Arrangement with Merck
AstraZeneca PLC
28 February 2008
ASTRAZENECA PROVIDES AN UPDATE ON THE STATUS OF ITS ARRANGEMENTS WITH MERCK &
CO., INC.
AstraZeneca today announced that, under the provisions of the agreements
relating to the restructuring of the AstraZeneca and Merck & Co. joint venture
in the United States, AstraZeneca has been informed that Merck has elected not
to exercise the First Option related to the relinquishment of Merck's rights
over the products not covered by the Partial Retirement (see paragraph below),
other than NexiumTM and PrilosecTM. As a result of this decision, contingent
payments will continue on the products AtacandTM, LexxelTM, PlendilTM and
EntocortTM until at least 2010, at which time AstraZeneca may exercise this
option at the 2008 Appraised Value of approximately $650 million. The Appraised
Value also includes rights to certain products that are still in clinical
development (AZD6140, AZD3355, AZD0328 and AZD2327). AstraZeneca made
contingent payments in respect of the products included in the First Option of
$69 million in 2007.
Other aspects of the scheduled termination arrangements will proceed as
previously disclosed:
• The Partial Retirement of Merck's limited partnership interest, under
which Merck's rights in respect of certain products will end. The products
covered by the Partial Retirement include Toprol-XLTM, PulmicortTM,
RhinocortTM and SymbicortTM. AstraZeneca made contingent payments in
respect of these products amounting to $182 million in 2007. AstraZeneca
will pay Merck approximately $4.27 billion in respect of the Partial
Retirement.
• A true-up of the Advance Payment, which was triggered at the time of the
merger between Astra and Zeneca, under which Merck relinquished all rights,
including contingent payment on future sales, to potential Astra products
with no existing or pending US patents at the time of the merger, amounting
to a payment by Merck to AstraZeneca of approximately $0.24 billion,
inclusive of interest.
• Settlement of the loan note receivable by AstraZeneca from Merck, in the
amount of $1.4 billion inclusive of accrued interest.
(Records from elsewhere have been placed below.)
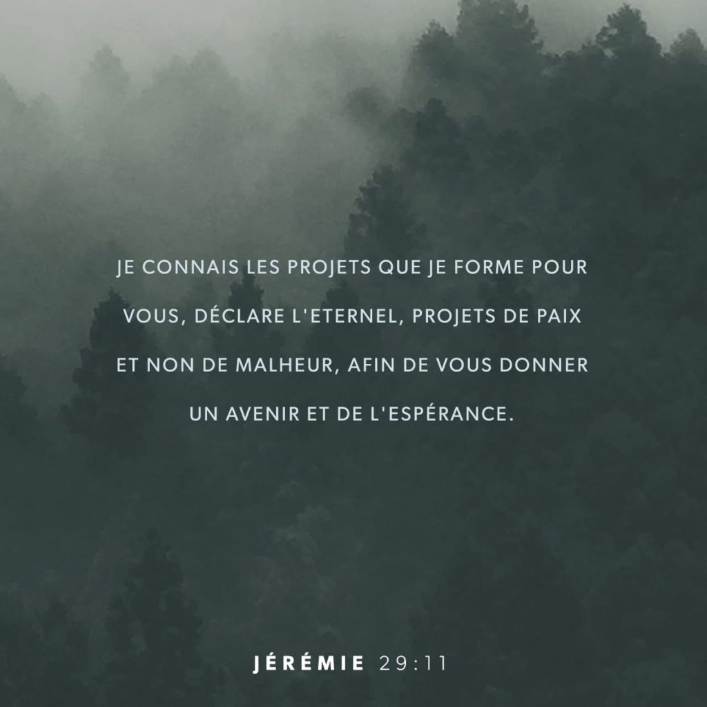 « Car moi, je connais les projets que j’ai conçus en votre faveur, déclare l’Éternel : ce sont des projets de paix et non de malheur, afin de vous assurer un avenir plein d’espérance. » Jérémie 29.11 BDS Des projets de paix et non de malheur… Je me suis souvent posé la question de savoir […]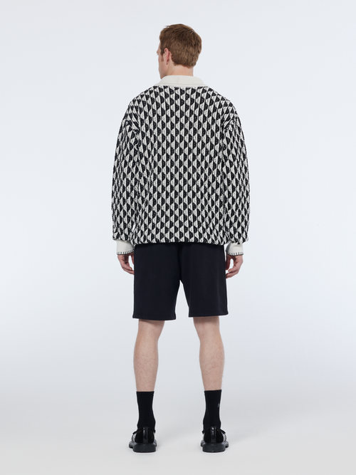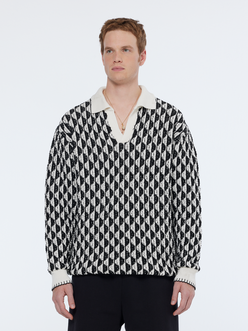 Jacquard Drop Shoulder Long Sleeve Polo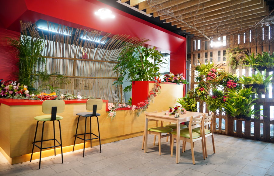 ▼另外一區則是將綠意結合高腳椅、餐桌椅,用餐起來也能放鬆心情~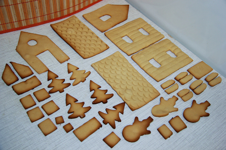 А затем, собственно, испекли части домика в течение 10-12 минут при температуре 220-230 градусов. Разложили полученные детали на ровной поверхности и дали им остыть и чуток «отлежаться».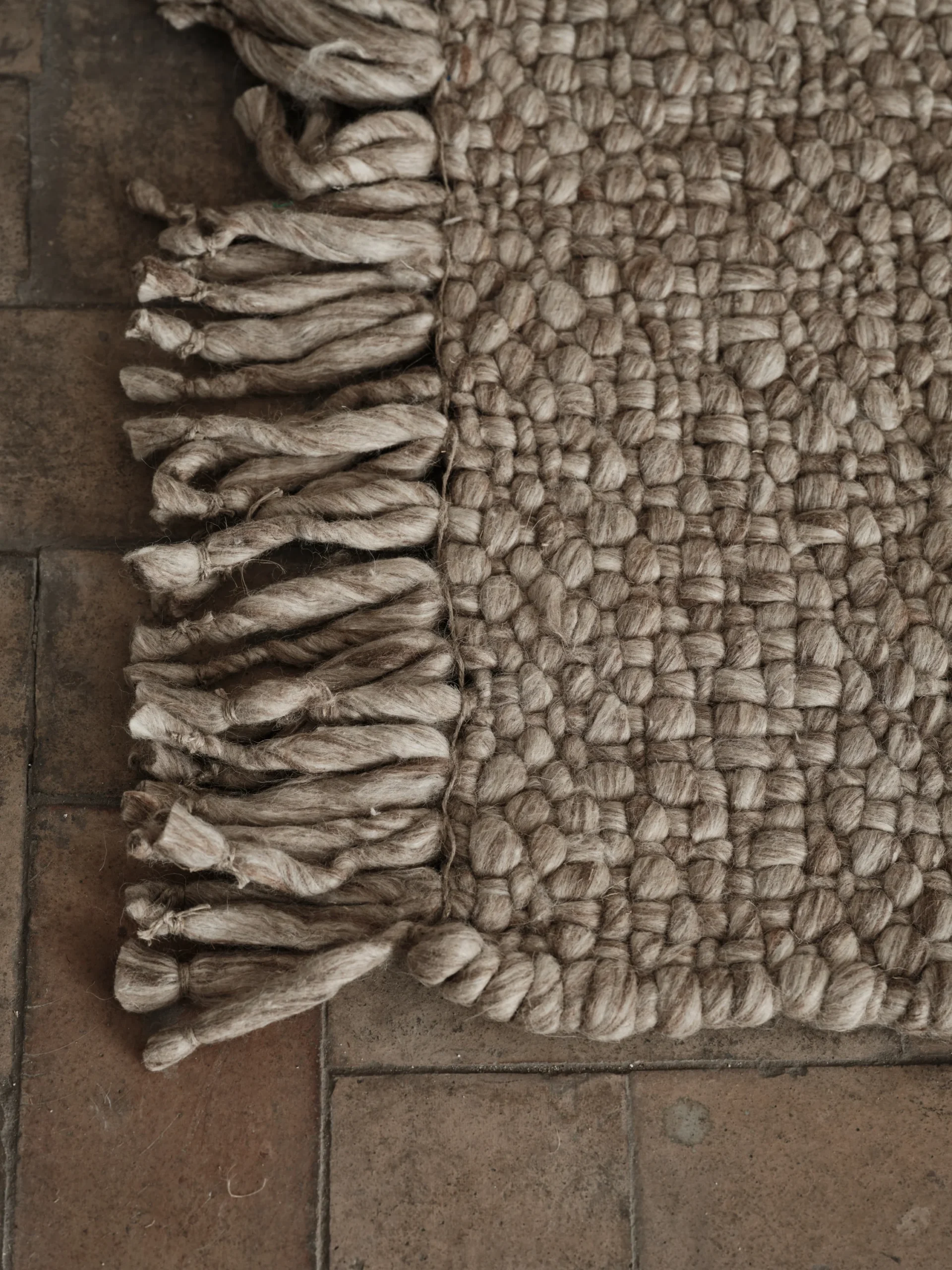 Colonnade no.03 is a compact, and rustic rug created in luxury chunky wool and woven in a classic basket weave construction with bold, over-dimensioned fringes.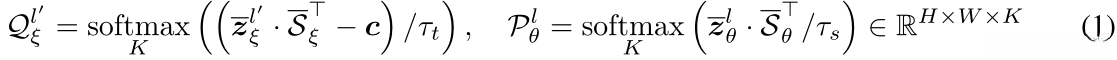 其中 B 代表批量大小。直观地说,减少 mean logit 会放大 不同像素之间 分配的差异,从而避免 将所有像素 分配给同一个原型 。除此之外,教师温度 τt 设置为 小于学生温度 τs 以产生更清晰的目标 并避免统一的分配 。这两种操作都有助于避免崩溃 ,并强制网络学习有意义的语义分组 。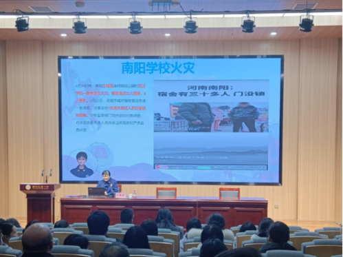 王干事结合南阳学校火灾、江西沿街店铺火灾、南京雨花台区高层住宅火灾等近期发生的热点消防事故,重点讲解了火灾发生的原因、怎样预防火灾、火场逃生基本知识等内容,将理论知识和现实生活中的真实案例紧密结合,深入浅出,切实提高了每位教师的消防防范意识。
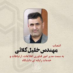 احتراماً؛ با عنایت به بند «الف» ماده «17» آیین نامه جامع مدیریت دانشگاه ها و موسسات آموزش عالی، پژوهشی و فناوری مصوب جلسه 684 شورای عالی انقلاب فرهنگی و پیشنهاد معاون محترم پژوهشی و فناوری به موجب این ابلاغ به مدت دو سال به عنوان مدیر امور فناوری اطلاعات، ارتباطات و خدمات رایانه ای دانشگاه منصوب می شوید تا وظایف و امور محوله را بر اساس آیین نامه جامع مدیریت دانشگاه ها و با هماهنگی معاون محترم پژوهشی و فناوری به انجام رسانید.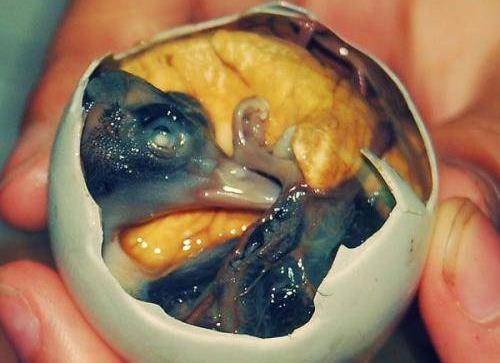 沒錯,毛雞蛋就是雞蛋在孵化過程中受到不當的溫度、濕度或者是某些病菌的影響,導致雞胚發育停止,死在蛋殼內尚未成熟的小雞。聽起來很惡心吧?但是味道卻異常美味呢!放在爐子上烤一烤或者在油鍋裡煎一煎,味道可香呢!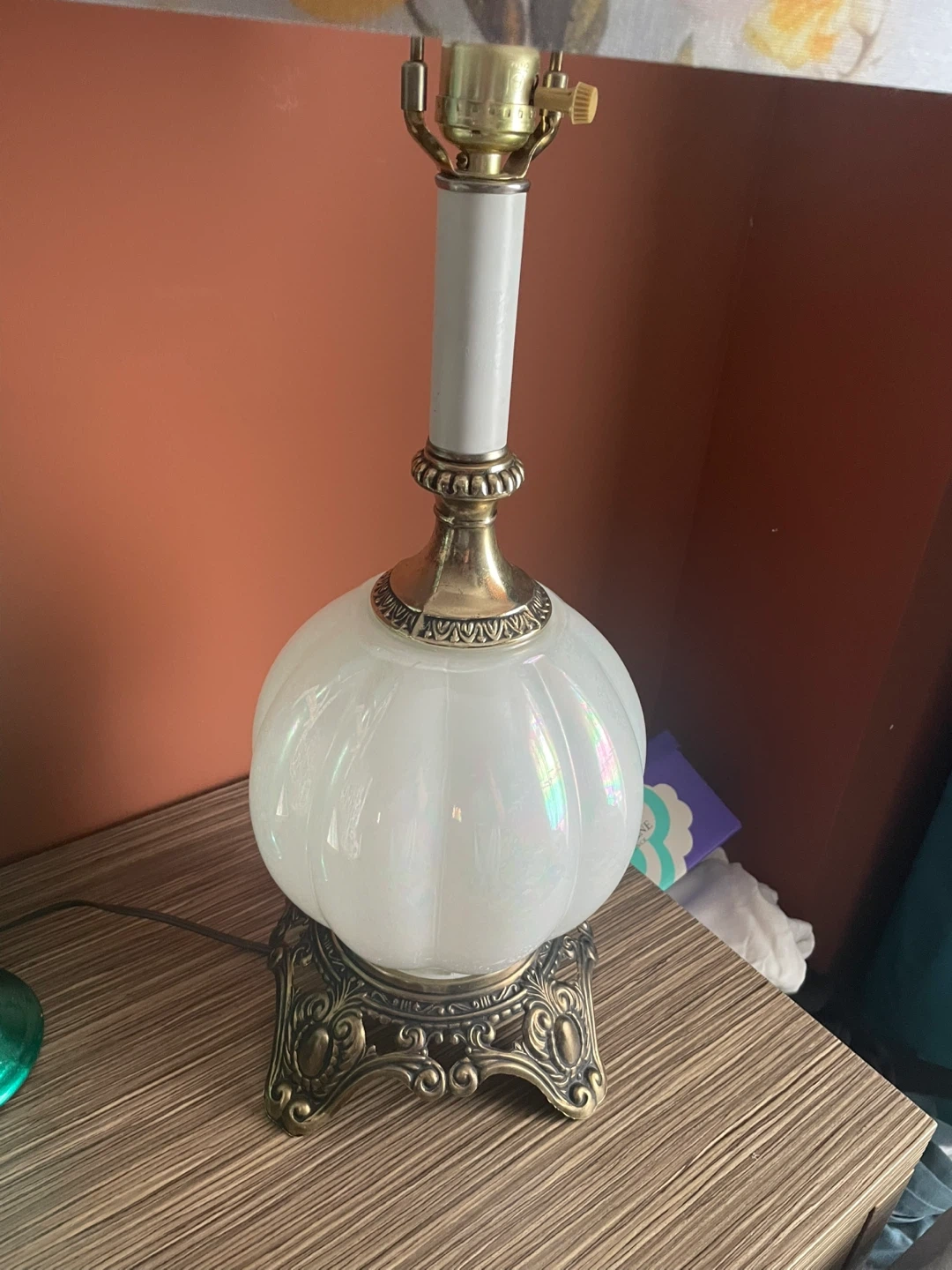 26Here's a lovely vintage-style table lamp with a pearlescent white glass body and ornate gold-tone base and top. It adds a touch of elegance to any room!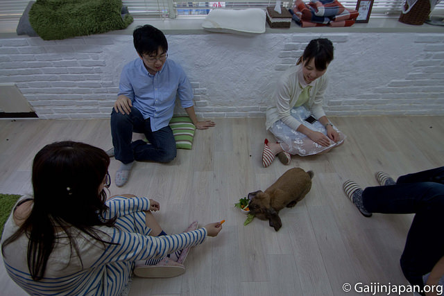 Le droit d’entrée est relativement bas puisqu’il est de 500 Yens, auxquels ont ajoute les consommations (quelques centaines de Yens) et 150 Yens si on veut acheter de la nourriture pour les lapins. On peut soit se relaxer et admirer les lapins, soit décider d’enlever ses chaussures et de jouer avec eux dans un espace dédié.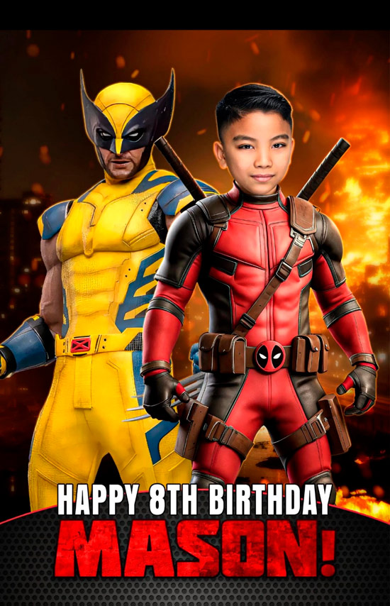 Turn your kidβs party into an action-packed, laugh-out-loud celebration with our Deadpool-inspired photo invitation!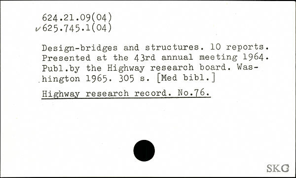 Design-bridges and structures. 10 reports. Presented at the 43rd annual meeting 1964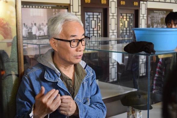 在参观瑞蚨祥店铺时,袁家方先生用自身的经历,告诫大家在大学期间应认真学习,珍惜时间。他认为“十年树木,五年树人”,“四年只是一晃荡”。同学们从这位七旬老人的口中听到这样的话语,不禁深受鼓舞。虽然小雨绵绵,但却阻挡不了同学们的热情,人群中不时传出阵阵掌声。

The combined effects of these three items will be a net cash outflow from
AstraZeneca to Merck of approximately $2.63 billion upon settlement during the
first quarter 2008.
Under the provision of the agreements a Second Option exists whereby AstraZeneca
has the option to repurchase Merck's interests in PrilosecTM and NexiumTM in the
US. This option is exercisable by AstraZeneca in 2012 should AstraZeneca
exercise the First Option in 2010. Exercise of the second option by AstraZeneca
at a later date is also provided for in 2017 or if combined sales of the two
products fall below a minimum amount provided, in each case, that the First
Option has been exercised. The exercise price for the Second Option is the net
present value of the future annual contingent payments on PrilosecTM and Nexium
TM as determined by the average valuation of two appraisers (one selected by
each party) at the time of exercise, which is subject to a potential true-up
mechanism under certain conditions. AstraZeneca made contingent payments in
respect of US sales for PrilosecTM and NexiumTM amounting to $931 million in
2007.
Further details on the accounting treatment of these events from an AstraZeneca
perspective will be provided in conjunction with the Q1 2008 earnings
announcement on 24 April, 2008.
About AstraZeneca
AstraZeneca is a major international healthcare business engaged in research,
development, manufacturing and marketing of prescription pharmaceuticals and
supplier for healthcare services. AstraZeneca is one of the world's leading
pharmaceutical companies with healthcare sales of US $29.55 billion and is a
leader in gastrointestinal, cardiovascular, neuroscience, respiratory, oncology
and infection product sales. AstraZeneca is listed in the Dow Jones
Sustainability Index (Global) as well as the FTSE4Good Index.